Escolhido por Doria para ocupar a pasta da Saúde, Wilson Pollara é um nome pouco conhecido pela direção do Sindsep. Até a semana passada, sabia-se apenas que o médico é secretário-adjunto de David Uip no governo Alckmin. No dia 26, porém, o site da Folha de S.Paulo publicou nota no começo da madrugada com a informação de que Pollara é investigado pelo Ministério Público de São Paulo por suposta improbidade administrativa. A informação foi confirmada pelo MP paulista.

Em nota oficial, o MP informou a existência do inquérito civil 14.0695.0000069/2015-4, que trata de suposta irregularidade em processos seletivos destinado à contratação de software de gestão de saúde para Hospital do Servidor Público (IAMSPE), Hospital das Clínicas e Santa Casa de Misericórdia. O procedimento foi iniciado em razão de representação anônima que apontava irregularidade nos certames, mencionando que os processos seletivos seriam irregulares e visavam beneficiar a empresa MV Sistemas.

Ainda segundo o MP, o representante (que ingressou com pedido de investigação aos promotores) mencionou que Pollara seria um dos responsáveis pela situação. Estão sendo apuradas informações junto aos entes responsáveis pelas contratações. O inquérito civil foi instaurado em setembro de 2015.

Segundo o Tribunal de Justiça de São Paulo, Pollara é reu em processo movido pela prefeitura de Itapetininga (SP), por questões relativas a IPTU, e pela Justiça do Trabalho, na mesma cidade.

Até 1º de abril de 2014, segundo a Junta Comercial, o futuro secretário da Saúde de Doria dividia a empresa BP Consultoria e Gestão Empresarial Ltda com o também médico Mauro Hamilton Bignardi, reu Ação Penal nº 0024095-49.2012.8.26.0269, da Justiça de São Paulo. A acusação: participação em esquema de desvio de recursos públicos da saúde geridos pelo Sistema de Assistência Social e Saúde SAS e Instituto SAS (Isas) no Hospital Regional de Itapetininga, denunciado pelo Gaeco na operação Atenas.

A exemplo dos demais membros do Conselho do Isas, Bignardi era sócio e representante de oito empresas utilizadas para desviar recursos, todas com endereço na Rua Albina Barbosa, 330, Aclimação, CEP 01.530-020, São Paulo/SP. Segundo o Diário Oficial, o relatório de investigação e reportagens jornalísticas dão conta de que no endereço em questão não está instalada nenhuma pessoa jurídica, caracterizando-se tratar de empresas fantasmas. Mesmo assim, ele continuou agindo.

Em abril passado, veio a tona em Taubaté, no vale do Paraíba, denúncia de contratação da empresa Essencial Medicina Integrada S/S Ltda para a prestação de serviços médicos socorristas para o serviço de urgência e emergência em diversas unidades de saúde.
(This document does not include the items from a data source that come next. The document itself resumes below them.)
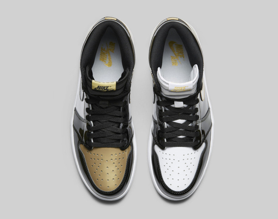 整体配色设计方案与去年登场的 Air Jordan 1 “Top3” 如出一辙,颜色搭配改以黑白金三色示人,并注入漆皮材质提升质感,显得更加高调奢华,吸睛指数极高!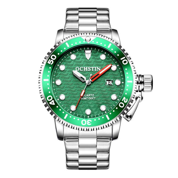 OCHSTIN 7003A Multifunctional Quartz Waterproof Luminous Steel Strap Men Watch(Silver+Green)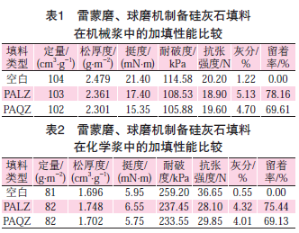 填料添加在機械漿、化學漿中進行抄片,研究其對紙頁各種性能的影響和在不同紙漿中的留著率方面的差異(如下表1、表2)。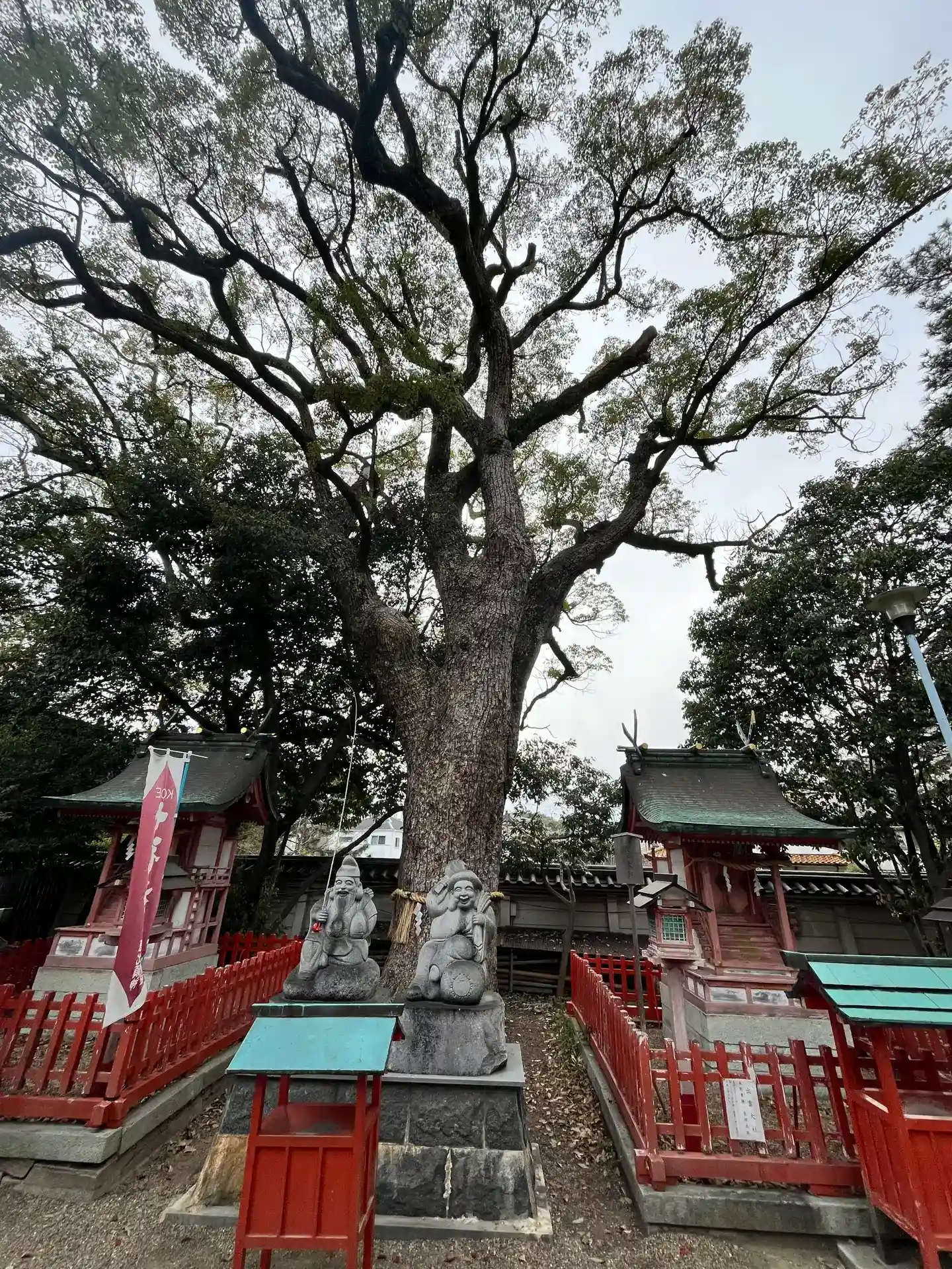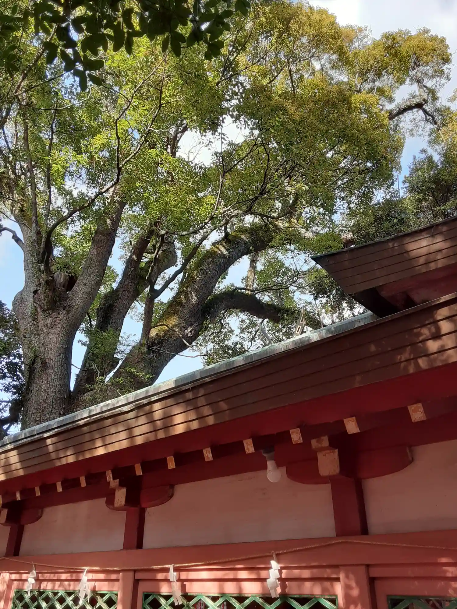 御神木の楠は、瀬戸内に生息する赤…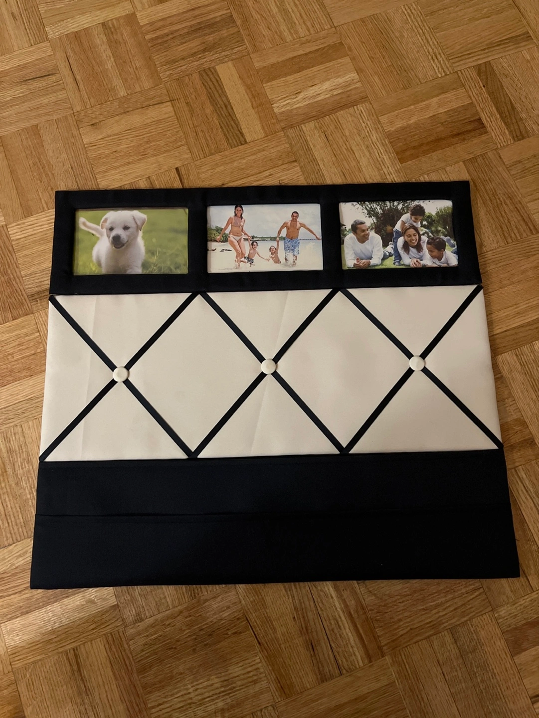 Fabric photo display board. Features three photo slots at the top and a board below to hang things. Black and cream colour scheme. Perfect for displaying cherished memories.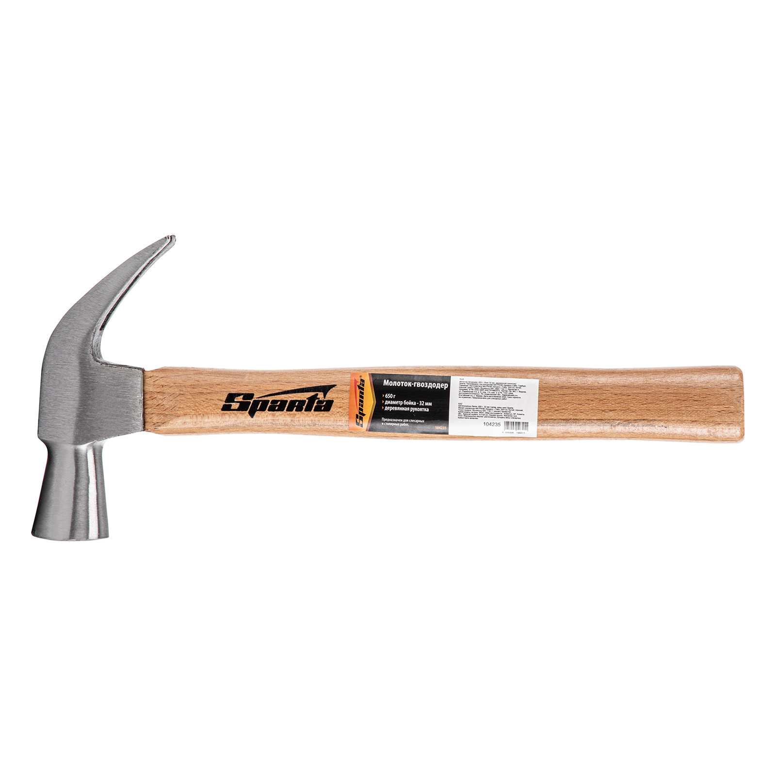 Молоток-гвоздодер, 650 г, боек 32 мм, деревянная рукоятка Sparta в Краснодаре

A prestadora de serviço é de Bignardi.

Em fevereiro de 2014, a RBA publicou reportagem em que apontava a ligação de Pollara e Bignardi. O caso não chegou a ser investigado. De acordo com a assessoria de imprensa da Corregedoria Geral da Administração do Estado de São Paulo, não há "nenhum procedimento correcional no qual o secretário-adjunto da Saúde Wilson Pollara figure como investigado".

Por meio da assessoria da equipe de transição de Doria, Pollara informa que nunca indicou a empresa MV para qualquer hospital ou serviço de saúde, que nunca trabalhou na Santa Casa ou no Hospital do Servidor. E que no caso do Hospital das Clínicas, a MV ganhou processo licitatório após término do contrato com a Prodesp.

Ainda segundo a nota, a licitação foi conduzida pela superintendência do HC. À época, Pollara trabalhava no Instituto Central (do HC) e não tinha qualquer relação com o processo. O secretário nega também qualquer relação com Paulo Magnus, proprietário da MV.

Segundo a assessoria, como não há qualquer ação no Judiciário, nada impede a nomeação do secretário. Conforme parecer jurídico de Anderson Pomini, secretário de Assuntos Jurídicos, não há conclusão do inquérito no MP, e tampouco ação ajuizada no Judiciário a respeito.

"É claro que essas questões vão ser definidas pela Justiça e só nos cabe a preocupação. Esperamos que na saúde a gente tenha nomes com unidade, que não tenham histórias complicadas. Eu só queria lembrar que Doria foi dos maiores críticos da nomeação de Lula por Dilma, antes do impeachment. Então acho que um prefeito que tem um posicionamento de que essas coisas não possam afetar o governo, acho que deve preocupar. Vamos acompanhar o desdobramento", afirmou Leandro, do Sindsep.